The lossy compression (and apparent algorithmic errors) make this a fairly
poor choice of random noise input.

------
jliat
OK - some background...

Reading the thread is interesting! My motivation for the 1 Terabyte work was
nothing to do with conceptual art, I wont go into detail but originally
conceptual art was the idea that art was essentially a practice of examination
of the nature of art, see

[http://tallervi.pbworks.com/f/Art%20After%20Philosophy.pdf](http://tallervi.pbworks.com/f/Art%20After%20Philosophy.pdf)

This is an incredibly important document (though I don’t subscribe to it now)
as it poses the severing of art from aesthetics! (which I do subscribe to)
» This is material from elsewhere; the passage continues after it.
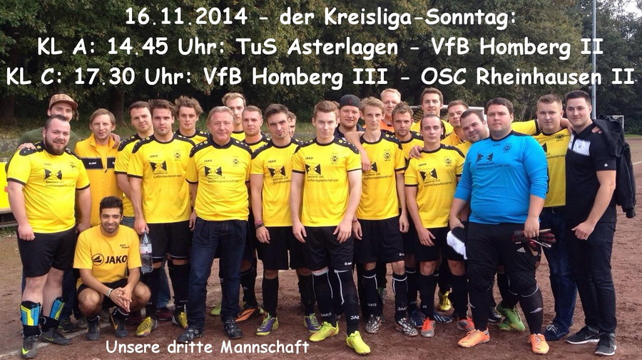 Sonntag, 16.11.2014 / 17.30 Uhr: VfB Homberg III - OSC Rheinhausen II (PCC-Stadion)

Unfortunately the media then took the term ‘conceptual art’ to mean any art
using any ‘idea’ about anything! Which was usually linked with challenging the
viewers idea of art etc. or being ‘interesting’ or smart or ‘pushing the
boundaries’… And was based on the misunderstanding of the lack of symmetry in
this kind of thing..

1\. New art is shocking. 2\. Something shocking is new art.

1\. might be true in some cases, but 2 does not follow anymore than…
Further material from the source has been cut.